Materials and methods
The institutional review board at the University of Michigan, Ann Arbor, approved this study. We retrospectively reviewed the medical records for the last 20 months to obtain a consecutive series of seven carotid body paragangliomas in which EVOH was used as the sole agent for direct percutaneous embolization. Neurointerventional imaging studies, diagnostic imaging studies and reports, operative reports and medical notes from these cases were reviewed. All procedures were performed under general anesthesia with monitoring of the patients' electroencephalogram, brainstem evoked potentials and somatosensory evoked potentials.
Standard percutaneous transfemoral arterial access was established. Non-ionic contrast iodixanol (Visipaque 270; GE Healthcare, Princeton, New Jersey, USA) was used to perform diagnostic cerebral angiography. The internal carotid, external carotid and common carotid arteries were injected and angiograms obtained to identify the arterial supply and hypervascularity of the lesion. The results from the diagnostic angiograms were used to assess the feasibility of direct percutaneous embolization, to delineate the targeted neovasculature of the lesion, to evaluate for dangerous vascular collaterals to the intracranial circulation and to determine the appropriate projection required to monitor the embolization.
Lesions were punctured with a 20-gauge needle utilizing ultrasound, fluoroscopy, biplanar transarterial roadmap and bony landmarks. After puncture, the needle position was considered correct when blood reflux from the needle was slow but continuous. A gentle hand injection of iodixanol was performed to obtain a biplanar parenchymogram, which was utilized to confirm placement of the needle within the lesion, to assess the neovascular compartment of the lesion being filled by the needle position and to determine the venous drainage pattern and opacification of possible arterial feeding pedicles. Biplanar angiography was also performed to confirm that the needle was not placed through a large arterial feeder or the internal or common carotid artery. Embolization of the tumor was performed using 8% EVOH (Onyx 34). The dead space of the needle was initially primed with dimethyl sulfoxide (DMSO) and EVOH was slowly injected with a 1 ml luer lock DMSO-compatible syringe and connecting tube under continuous negative roadmap. A tap technique, which consisted of making small taps at the end of the leur lock syringe with the operator's thumb to inject at a rate of ∼0.1–0.2 ml/min, was used to ensure optimal control. Embolization was stopped for ∼2 min if non-target embolization was noted to occur. This was done to let the Onyx cast solidify. The process was repeated until EVOH penetrated the desired segment of the tumor. This technique was repeated as many times as necessary to achieve optimal devascularization of the tumor.
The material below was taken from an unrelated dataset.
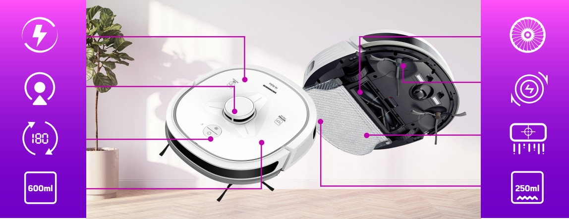 Curata mult si bine Capacitatea mare a bateriei, 3350mAh, permite utilizarea programelor puternice pentru mai mult timp si in spatii extra-generoase, in timp ce puterea de aspirare de 2000 Pa garanteaza absorbtia atat a particulelor minuscule de praf, cat si a firimiturilor, a parului de animale sau alte urme de murdarie. |

The technical success of the embolization procedures was determined by the degree of residual parenchymal staining of the tumors on biplanar angiography. The extent of tumor devascularization was recorded as poor (0–30%), moderate (30–70%), subtotal (70–99%) and total (100%) and reviewed by the three authors (J.G., N.C. and A.P.).
Illustrative cases
Case 1
A 39-year-old woman presented with a history of bilateral carotid body paragangliomas discovered on imaging studies to investigate bilateral neck masses (figure 1A). Initially, the left mass was resected without incidence. The right mass measured 1.6×1.5×2.3 cm and was noted to be hypervascular on angiogram (figure 1B). After a lateral parenchymogram was obtained (figure 1C), Onyx 34 was injected through the needle into the tumor to obliterate the vasculature (figure 1D). The estimated blood loss during surgical resection was noted to be 20 ml.
Patient No. 1 in table 1. (A) Axial CT of neck with contrast showing bilateral carotid body tumors. (B) Lateral right common carotid artery angiogram demonstrating a hypervascular mass splaying the carotid bifurcation. (C) Lateral parenchymogram demonstrating direct needle placement into the tumor with contrast injection showing the neovascularity of the tumor. (D) Lateral right common carotid artery angiogram after the injection of ethylene vinyl alcohol copolymer showing complete devascularization of tumor.
Case 2
A 58-year-old man presented with a history of right tinnitus and a sensation of aural fullness. Palpation of the neck revealed palpable masses bilaterally and MRI revealed bilateral carotid body tumors (figure 2A). The right-sided mass measured 1.8×2×3.1 cm and hypervascularity was demonstrated on angiogram (figure 2B). After a lateral parenchymogram was obtained, direct percutaneous embolization of the tumor was performed using 4.2 ml of EVOH (figure 2C,D). The tumor was successfully removed surgically with an estimated blood loss of 80 ml.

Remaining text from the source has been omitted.